Wednesday, July 03, 2013

No Triangles Allowed

Times out and quorums 6-0 / Skju

Adminned at 06 Jul 2013 07:09:33 UTC


Consider Atoms A, B, C where:
{A}:::{B} = 1,
{B}:::{C} = 1,
{A} does not equal {C},
and A, B, and C are all in the same Domain.

If {A}:::{B}, then A and B must each have two essential letters, and may not share any between themselves.

Thus, there are only 3! = 6 possible atoms that A can bond with, and B is one of them. The situation is the same for B and C, respectively.

Consider then A and C. A has occupied two of the Essential Letters, and B has occupied an additional two discreet from A’s. There is only one Letter left in the set of five; thus, C must take an Essential Letter already in use by A (not B because it has been previously stated that {B}:::{C}), and therefore {A}:::{C} = 0.

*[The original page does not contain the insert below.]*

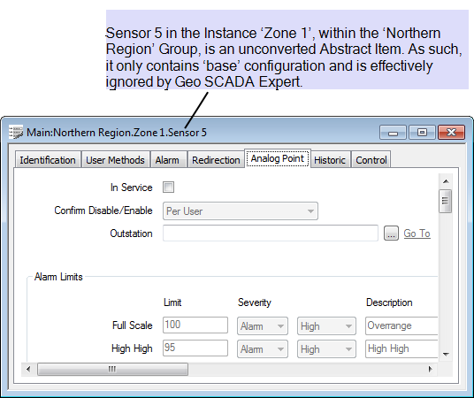 An unconverted Abstract Item only contains basic configuration and is ignored by Geo SCADA Expert.

A more explicit form of the conclusion: {A}:::{B}&&{B}:::{C}&&{C}:::{A} = 0

Should anyone want to formally undertake the task, it can also be shown that the set of 20 Atoms with unique essence combinations bond into a structure resembling a dodecahedron. This realization of the triviality of the bonding structure is what inspired me to submit the Domains proposal in the first place.



07-05-2013 00:43:45 UTC

Looks correct.  for


07-05-2013 01:16:11 UTC



07-05-2013 12:01:16 UTC

for Good use of the pigenhole principle


07-05-2013 12:20:25 UTC



07-05-2013 15:48:15 UTC